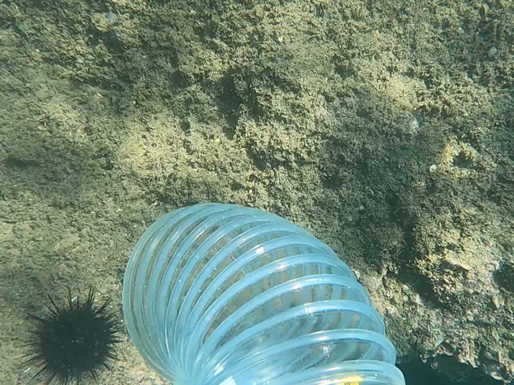 2023年度中に複数回の採取試験を行い、その都度改良を加えて、スラープガン方式の技術開発については一応の目途が付きました。最終的な採取試験では、岩礁の上に生息するウニを1時間で30個体採取するまでになりました。しかしながら、ダイバーが潜水で駆除・採取する際の時間当たりの量から比べると非常に少ない量ですので、スラープガンとキャニスターを装備した水中ドローンの操作性や採取スピードの向上は今後も課題です。また、採取試験をしている海域では、岩陰や窪み、岩に穴を掘って潜むウニも多く、スラープガンでの吸引では採取することができないため、このようなウニに対する採取方法の課題も残りました。
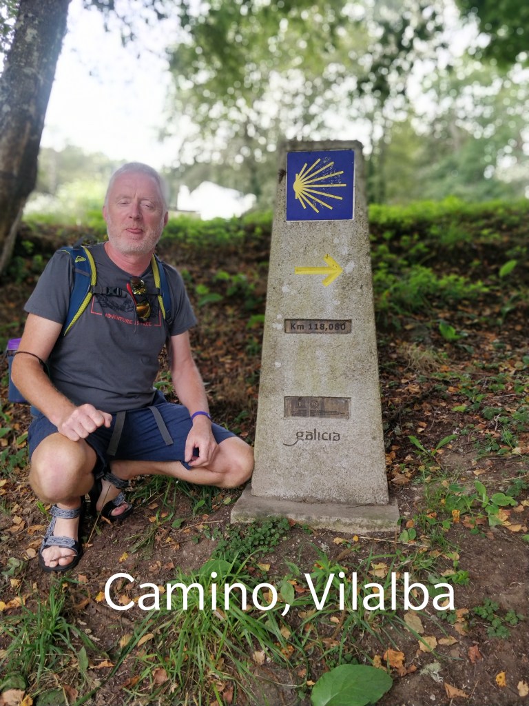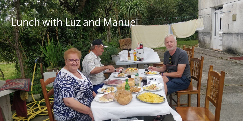We stayed with a relative – my brother in law’s mother, Luz – for a couple of nights in her house about 10kms outside Villalba, an inland town in Galicia but which is on the Camino del Norte. The countryside around here was green with hedgerows of wildflowers (very similar to home) and small farm holdings with a few cows (with enormous horns) and farmers driving old tractors. There were rows of windmills on the horizon and mixed forestry plantations. But the countryside was also dotted with lots of large, deserted houses – substantial buildings with peeling paint. Sometimes there were several clustered together in small, deserted villages. Fine houses that would be habitable with a little TLC are left to crumble and decay where their (usually) elderly inhabitants die.
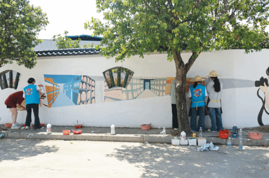 活动中,大学生们发挥专业优势,多维度助力乡村建设。在“乡村振兴”主题墙绘创作中,大学生们顶着酷暑,将本地特色农业与乡村文化巧妙融合,在墙面上勾勒出 “产业兴旺、生态宜居” 的美好图景。生动的画作不仅美化了村容村貌,更让乡村特色跃然墙上,成为乡村振兴的鲜活缩影。
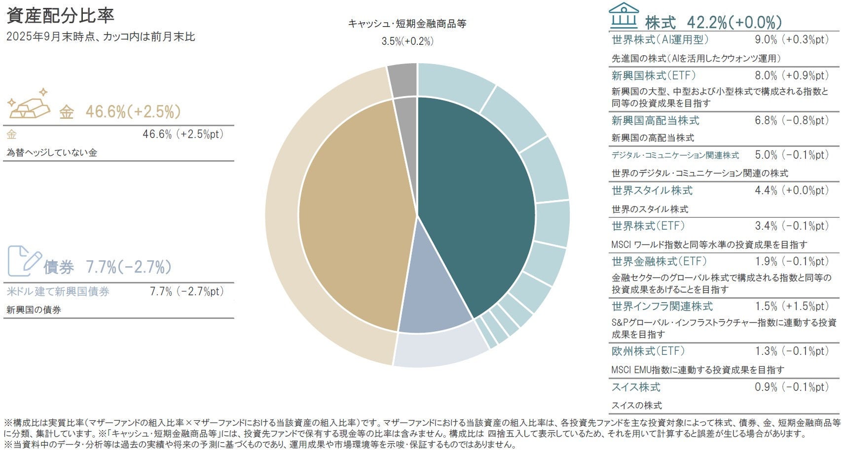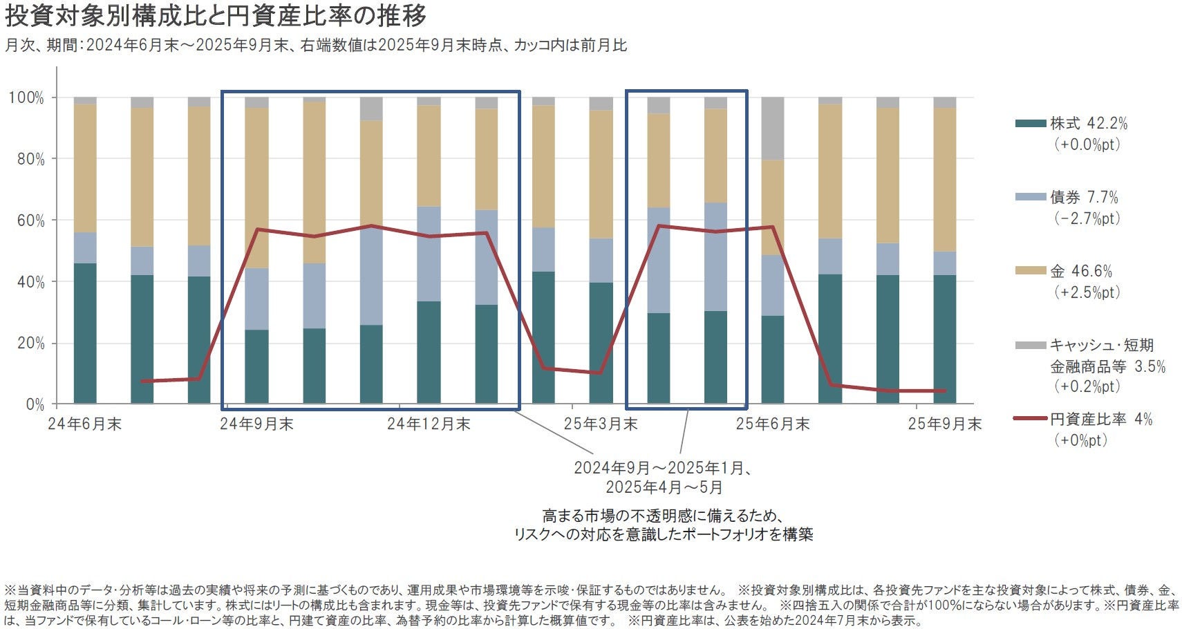2025年9月は、金、キャッシュ・短期金融商品等の組入比率を引き上げ、債券を引き下げました。株式については、前月末とほぼ同水準の組入れとなっています。また円資産比率(円建て資産と円ヘッジの外貨建て資産比率)は、2025年9月末時点で4%としています。
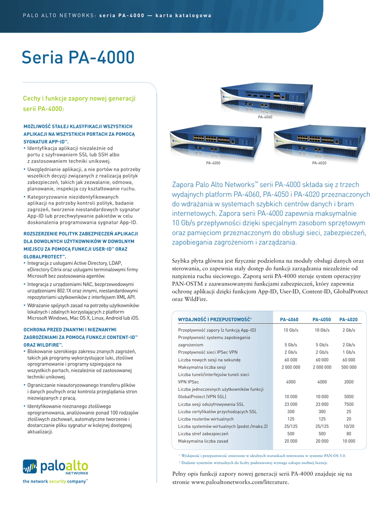 P A L O A L T O N E T W O R K S : s e r i a PA - 4 0 0 0 — k a r t a k a t a l o g o w a Seria PA-4000 Cechy i funkcje zapory nowej generacji serii PA-4000: PA-4060 Możliwość stałej klasyfikacji wszystkich aplikacji na wszystkich portach za pomocą sygnatur App-ID™. • Identyfikacja aplikacji niezależnie od portu z szyfrowaniem SSL lub SSH albo z zastosowaniem techniki unikowej. aplikacji, a nie portów na potrzeby wszelkich decyzji związanych z realizacją polityk zabezpieczeń, takich jak zezwalanie, odmowa, planowanie, inspekcja czy kształtowanie ruchu. PA-4050 PA-4020 • Uwzględnianie • Kategoryzowanie niezidentyfikowanych aplikacji na potrzeby kontroli polityk, badanie zagrożeń, tworzenie niestandardowych sygnatur App‑ID lub przechwytywanie pakietów w celu doskonalenia programowania sygnatur App-ID. Rozszerzenie polityk zabezpieczeń aplikacji dla dowolnych użytkowników w dowolnym miejscu za pomocą funkcji User-ID™ oraz GlobalProtect™. • Integracja z usługami Active Directory, LDAP, eDirectory Citrix oraz usługami terminalowymi firmy Microsoft bez zastosowania agentów. • Integracja z urządzeniami NAC, bezprzewodowymi urządzeniami 802.1X oraz innymi, niestandardowymi repozytoriami użytkowników z interfejsem XML API. • Wdrażanie spójnych zasad na potrzeby użytkowników lokalnych i zdalnych korzystających z platform Microsoft Windows, Mac OS X, Linux, Android lub iOS. Zapora Palo Alto Networks™ serii PA-4000 składa się z trzech wydajnych platform PA-4060, PA-4050 i PA-4020 przeznaczonych do wdrażania w systemach szybkich centrów danych i bram internetowych. Zapora serii PA-4000 zapewnia maksymalnie 10 Gb/s przepływności dzięki specjalnym zasobom sprzętowym oraz pamięciom przeznaczonym do obsługi sieci, zabezpieczeń, zapobiegania zagrożeniom i zarządzania. Szybka płyta główna jest fizycznie podzielona na moduły obsługi danych oraz sterowania, co zapewnia stały dostęp do funkcji zarządzania niezależnie od natężenia ruchu sieciowego. Zaporą serii PA-4000 steruje system operacyjny PAN-OSTM z zaawansowanymi funkcjami zabezpieczeń, który zapewnia ochronę aplikacji dzięki funkcjom App-ID, User-ID, Content-ID, GlobalProtect oraz WildFire. Wydajność i przepustowość1PA-4060PA-4050PA-4020 Ochrona przed znanymi i nieznanymi Przepływność zapory (z funkcją App-ID) zagrożeniami za pomocą funkcji Content-ID™ Przepływność systemu zapobiegania oraz WildFire™. • Blokowanie szerokiego zakresu znanych zagrożeń, takich jak programy wykorzystujące luki, złośliwe oprogramowanie i programy szpiegujące na wszystkich portach, niezależnie od zastosowanej techniki unikowej. • Ograniczanie nieautoryzowanego transferu plików i danych poufnych oraz kontrola przeglądania stron niezwiązanych z pracą. • Identyfikowanie nieznanego złośliwego oprogramowania, analizowanie ponad 100 rodzajów złośliwych zachowań, automatyczne tworzenie i dostarczanie pliku sygnatur w kolejnej dostępnej aktualizacji. 10 Gb/s 10 Gb/s 2 Gb/s zagrożeniom 5 Gb/s 5 Gb/s 2 Gb/s Przepływność sieci IPSec VPN 2 Gb/s 2 Gb/s 1 Gb/s Liczba nowych sesji na sekundę 60 000 60 000 60 000 2 000 000 2 000 000 500 000 4000 4000 2000 Maksymalna liczba sesji Liczba tuneli/interfejsów tuneli sieci VPN IPSec Liczba jednoczesnych użytkowników funkcji GlobalProtect (VPN SSL) 10 000 10 000 5000 Liczba sesji odszyfrowywania SSL 23 000 23 000 7500 Liczba certyfikatów przychodzących SSL 300 300 25 Liczba routerów wirtualnych 125 125 20 25/125 25/125 10/20 Liczba systemów wirtualnych (podst./maks.2) Liczba stref zabezpieczeń 500 500 80 Maksymalna liczba zasad 20 000 20 000 10 000 1 Wydajność i przepustowość zmierzone w idealnych warunkach testowania w systemie PAN-OS 5.0. 2 Dodanie systemów wirtualnych do liczby podstawowej wymaga zakupu osobnej licencji. Pełny opis funkcji zapory nowej generacji serii PA-4000 znajduje się na stronie www.paloaltonetworks.com/literature. P A L O A L T O N E T W O R K S : s e r i a PA - 4 0 0 0 — k a r t a k a t a l o g o w a Dane techniczne sprzętu Porty we-wy Średni czas między awariami (MTBF) •PA-4060: (4) gniazda 10-gigabitowe XFP, (4) gigabitowe porty optyczne SFP •PA-4050, PA-4020: (16) gniazd 10/100/1000, (8) gigabitowych portów optycznych SFP •7,18 roku Maks. początkowy prąd rozruchowy •50 A przy 230 V AC; 30 A przy 120 V AC Administracyjne porty we-wy Montaż w szafie (wymiary) •(2) porty o wysokiej dostępności 10/100/1000, (1) port do zarządzania pozapasmowego 10/100/1000, (1) port konsoli DB9 •standardowa szafa 1U, 19 cali (8,9 cm wys. x 41,9 cm gł. x 44,5 cm szer.) Pojemność dysków Masa (samo urządzenie/w opakowaniu transportowym) •dysk twardy 160 GB •15 kg/18,1 kg Zasilanie (średni/maksymalny pobór mocy) Bezpieczeństwo •nadmiarowy 400 W AC (175 W/200 W) •UL, CUL, CB Maks. BTU/h Interferencja elektromagnetyczna (EMI) •682 •FCC klasa A, CE klasa A, VCCI klasa A, TUV Napięcie wejściowe (częstotliwość wejściowa) Certyfikaty •100–240 V AC (50–60 Hz) •FIPS 140 Level 2, Common Criteria EAL2, ICSA, UCAPL Max current consumption Środowisko •2,5 A przy 100 V AC •Temperatura pracy: od 0 do 50°C •Temperatura podczas przechowywania: od -20 do 70°C Urządzenia sieciowe Tryby interfejsu: Wirtualne sieci LAN (VLAN) •L2, L3, Tap, połączenie wirtualne (tryb transparentny) •Liczba znaczników 802.1q sieci VLAN na urządzenie/interfejs: 4094/4094 •Maks. liczba interfejsów: 4096 (PA-4060, PA-4050), 2048 (PA-4020) •Zagregowane interfejsy (802.3ad) Routing •Tryby: OSPF, RIP, BGP, adres statyczny •Rozmiar tablicy przekazywania (liczba wpisów na urządzenie/VR): 20 000/20 000 (PA-4060, PA-4050), 10 000/10 000 (PA-4020) •Routing oparty na politykach •Protokół PPPoE (Point-to-Point Protocol over Ethernet) •Duże ramki: maks. wielkość ramki 9210 bajtów •Multicasting: PIM-SM, PIM-SSM, IGMP v1, v2 i v3 Wysoka dostępność •Try

※

▸ Your task
Output only the lines from the start of the data through the line that holds "We stayed with". Keep them exact and leave the pictures out.

▸ Answer
 2023年度中に複数回の採取試験を行い、その都度改良を加えて、スラープガン方式の技術開発については一応の目途が付きました。最終的な採取試験では、岩礁の上に生息するウニを1時間で30個体採取するまでになりました。しかしながら、ダイバーが潜水で駆除・採取する際の時間当たりの量から比べると非常に少ない量ですので、スラープガンとキャニスターを装備した水中ドローンの操作性や採取スピードの向上は今後も課題です。また、採取試験をしている海域では、岩陰や窪み、岩に穴を掘って潜むウニも多く、スラープガンでの吸引では採取することができないため、このようなウニに対する採取方法の課題も残りました。
We stayed with a relative – my brother in law’s mother, Luz – for a couple of nights in her house about 10kms outside Villalba, an inland town in Galicia but which is on the Camino del Norte. The countryside around here was green with hedgerows of wildflowers (very similar to home) and small farm holdings with a few cows (with enormous horns) and farmers driving old tractors. There were rows of windmills on the horizon and mixed forestry plantations. But the countryside was also dotted with lots of large, deserted houses – substantial buildings with peeling paint. Sometimes there were several clustered together in small, deserted villages. Fine houses that would be habitable with a little TLC are left to crumble and decay where their (usually) elderly inhabitants die.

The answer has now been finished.